El país debe invertir masivamente en las nuevas generaciones, delinear desde la educación básica clases intensivas de ética y valores para ver si en el futuro hay esperanza de acabar la corrupción y la violencia. El trabajo con decencia y honestidad formará seres respetuosos de la ley capaces de visualizar hechos que, aunque muchos no los quieran aceptar, siempre van a ser parte de la historia de la nación. Las confesiones que ahora se escuchan en Colombia son el recordatorio que la historia utiliza para construir su legado hacia la posteridad, la interpretación que se dé a esos testimonios será la fuente primaria, de viva voz, que permitirá hilar y construir un relato de proximidad a la no repetición. La verdad es el único instrumento que permitirá a las familias de las víctimas recuperar la paz y la tranquilidad que les robaron cuando les mataron vilmente a sus parientes.

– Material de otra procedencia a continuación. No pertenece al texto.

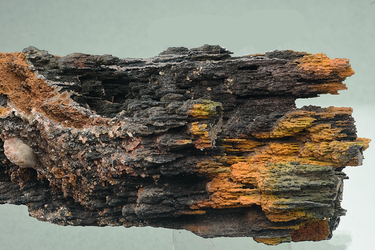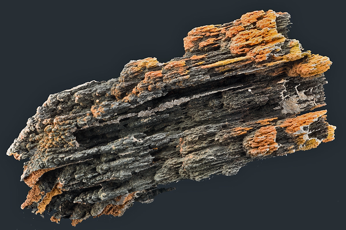 Strangely attractive goethite specimen from the Forest of Dean. Called locally 'Brush' iron-ore it shows a distinctive linear form with an orange/matt-black colouration.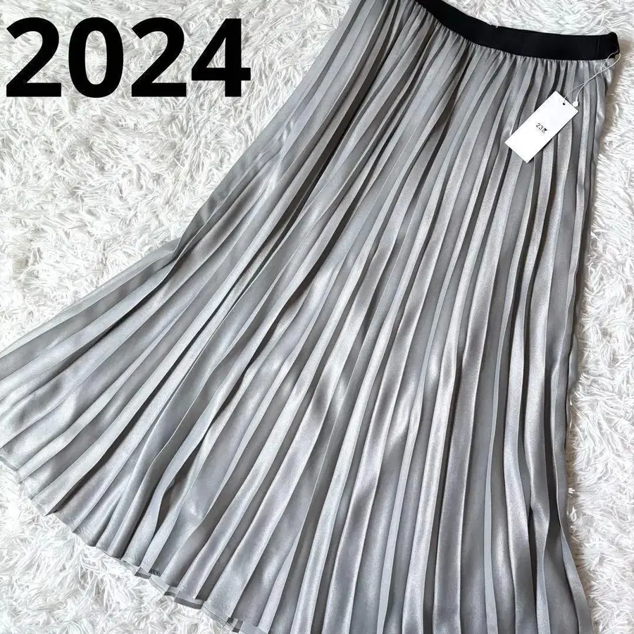 새상품/L 상당/24년 23구 샤이니 플리츠 스커트 롱 기장 실버 계열
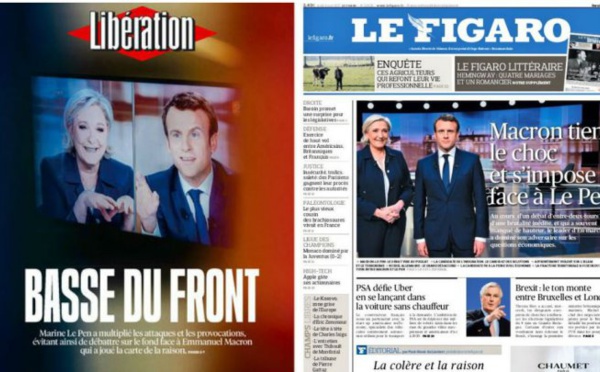أجمعت الصحف الفرنسية الصادرة على أن المناظرة التلفزيونية التي جمعت مساء الأربعاء بين مرشحي الانتخابات الرئاسية مارين لوبان وإيمانويل ماكرون اتسمت بعنف غير مسبوق. وذهبت بعض الصحف إلى اعتبار أنه " من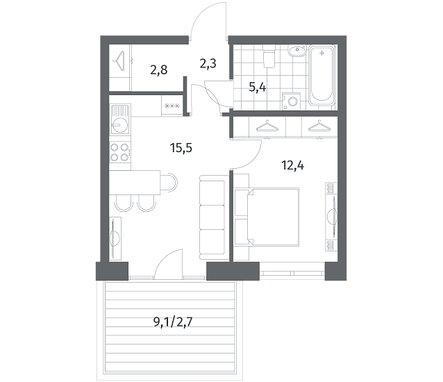 1-комнатная 41.18 м2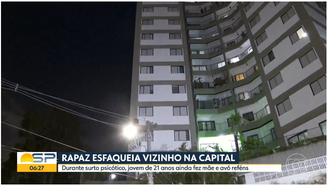 Um jovem de 21 anos teve um surto psicótico na noite desta quinta-feira (2), quando esfaqueou um vizinho na cabeça e na costela e atacou outro com spray de gás no rosto, após uma discussão. Além disso, o rapaz fez a mãe e a avó reféns dentro do apartamento onde morava com a família, na Zona Norte de São Paulo.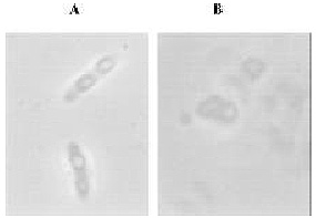 图2. A:E.coli细胞内含有表达的scFv57P融合蛋白质;B:Frenchpress破碎后的匀浆,均用相差显微镜观察得到。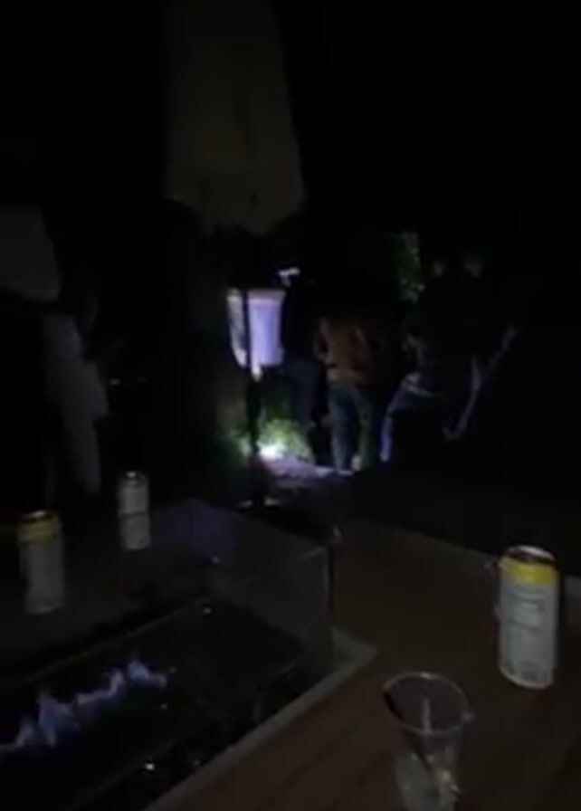 The video depicts an outdoor gathering at night. Several people are visible in the background, illuminated by a spotlight. The scene includes a fire pit with flames, along with beverage cans and a plastic cup on a wooden surface. A potted plant is illuminated with blue light. The overall atmosphere appears dark and social.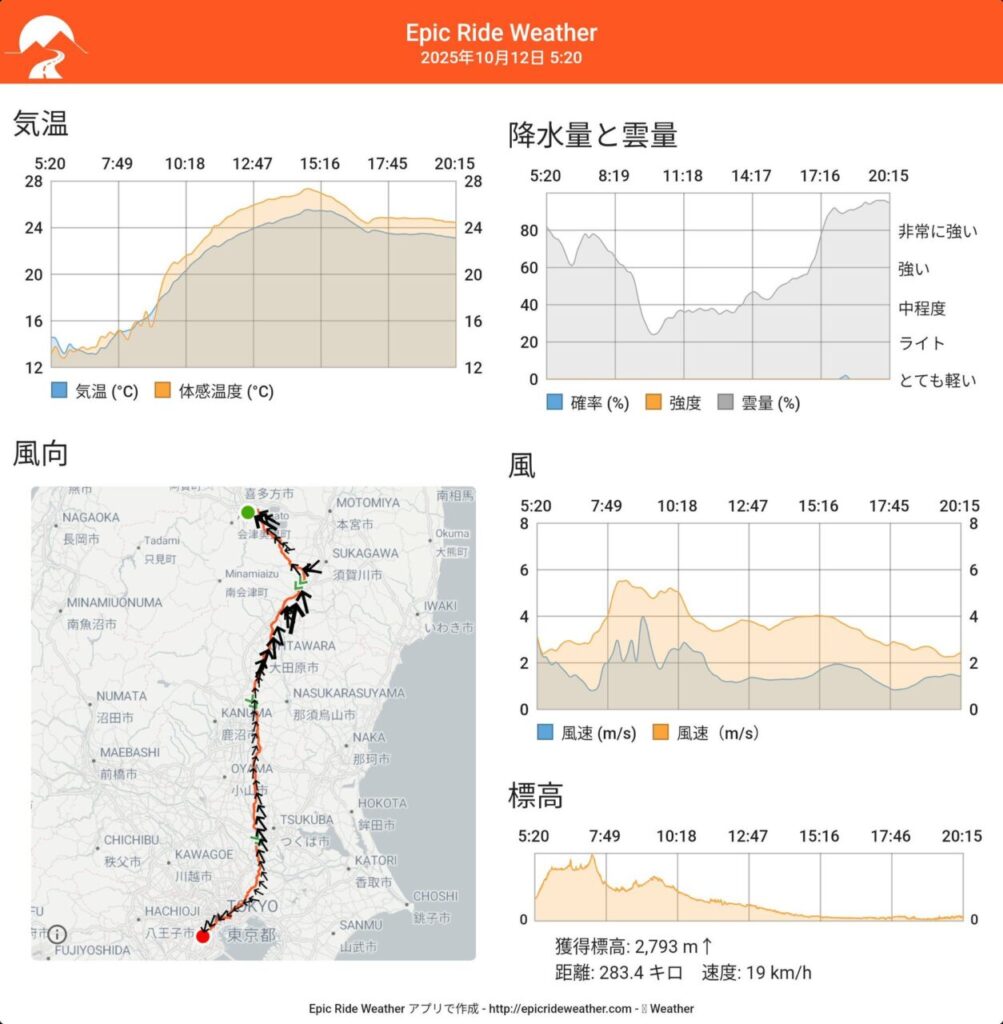 朝食を食べながら改めて天気を確認。昨夜の段階では「ゴール前に一雨降られる」という予報でしたが、雨予報が消滅。一日曇りの予報に変わりました。風向きは終始向かい風基調ではありますが、これくらいなら全然許容範囲。ただ、気温も昨夜の予報よりも上がっており、かなり暑そうです。

Puntos dolorosos del debate nacional permiten ver cara a cara la hipocresía de los ex-guerrilleros condenando las confesiones de los militares, que asesinaban civiles para hacerlos pasar por terroristas, al tiempo que eluden las vejaciones a las que un grupo como las FARC sometía a menores reclutados. La impunidad que llevó a no tomar medidas concretas con los firmantes de la Habana es la que permite que, desde la desvergüenza y el cinismo de esos personajes, tras más de 70 años de barbarie, hoy se presenten ante los colombianos queriendo pasar de redentores sin asumir su responsabilidad con la verdad de los asesinatos, secuestros, y violaciones que perpetraron. El cambio con sentido social que se propone desde el nuevo gobierno debe llamar a la inclusión como oportunidad única para marcar la diferencia, de manera positiva, en pro de un mejor país.

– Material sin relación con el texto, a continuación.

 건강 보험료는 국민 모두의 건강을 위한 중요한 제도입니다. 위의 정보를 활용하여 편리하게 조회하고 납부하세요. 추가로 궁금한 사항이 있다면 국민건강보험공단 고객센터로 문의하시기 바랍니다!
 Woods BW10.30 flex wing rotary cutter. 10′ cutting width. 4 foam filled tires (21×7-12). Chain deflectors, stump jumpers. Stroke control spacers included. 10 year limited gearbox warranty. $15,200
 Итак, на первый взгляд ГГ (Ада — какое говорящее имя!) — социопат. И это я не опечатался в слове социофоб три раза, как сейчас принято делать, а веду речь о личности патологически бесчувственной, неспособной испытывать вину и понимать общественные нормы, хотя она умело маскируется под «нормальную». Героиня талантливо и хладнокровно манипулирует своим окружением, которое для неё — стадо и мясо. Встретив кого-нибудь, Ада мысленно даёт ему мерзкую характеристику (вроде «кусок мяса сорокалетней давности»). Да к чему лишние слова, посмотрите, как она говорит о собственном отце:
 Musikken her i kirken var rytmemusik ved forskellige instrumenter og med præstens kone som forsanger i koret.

Tan escalofriante fue el comportamiento de algunas fracciones del ejercito como lo que hicieron las células guerrilleras que masacraron familias completas, desplazaron campesinos para quitarles sus tierras, torturaron a policías y soldados de la patria, y mataron y violaron a niños inocentes durante años. Problema que ahora asiste a la nación es manejar los aberrantes testimonios del conflicto, no permitir que, en manos de los victimarios, que hoy posan de héroes, este el peso exclusivo de reescribir la historia. Persecución que en el presente se teje sobre las víctimas es producto del temor que asiste a quienes conocen de primera mano la dolorosa verdad, aquellos que a cada instante se revictimizan y burlan la justicia, actuando como si nada, frente a estos hechos que marcarán la historia de una patria decadente y sin confianza.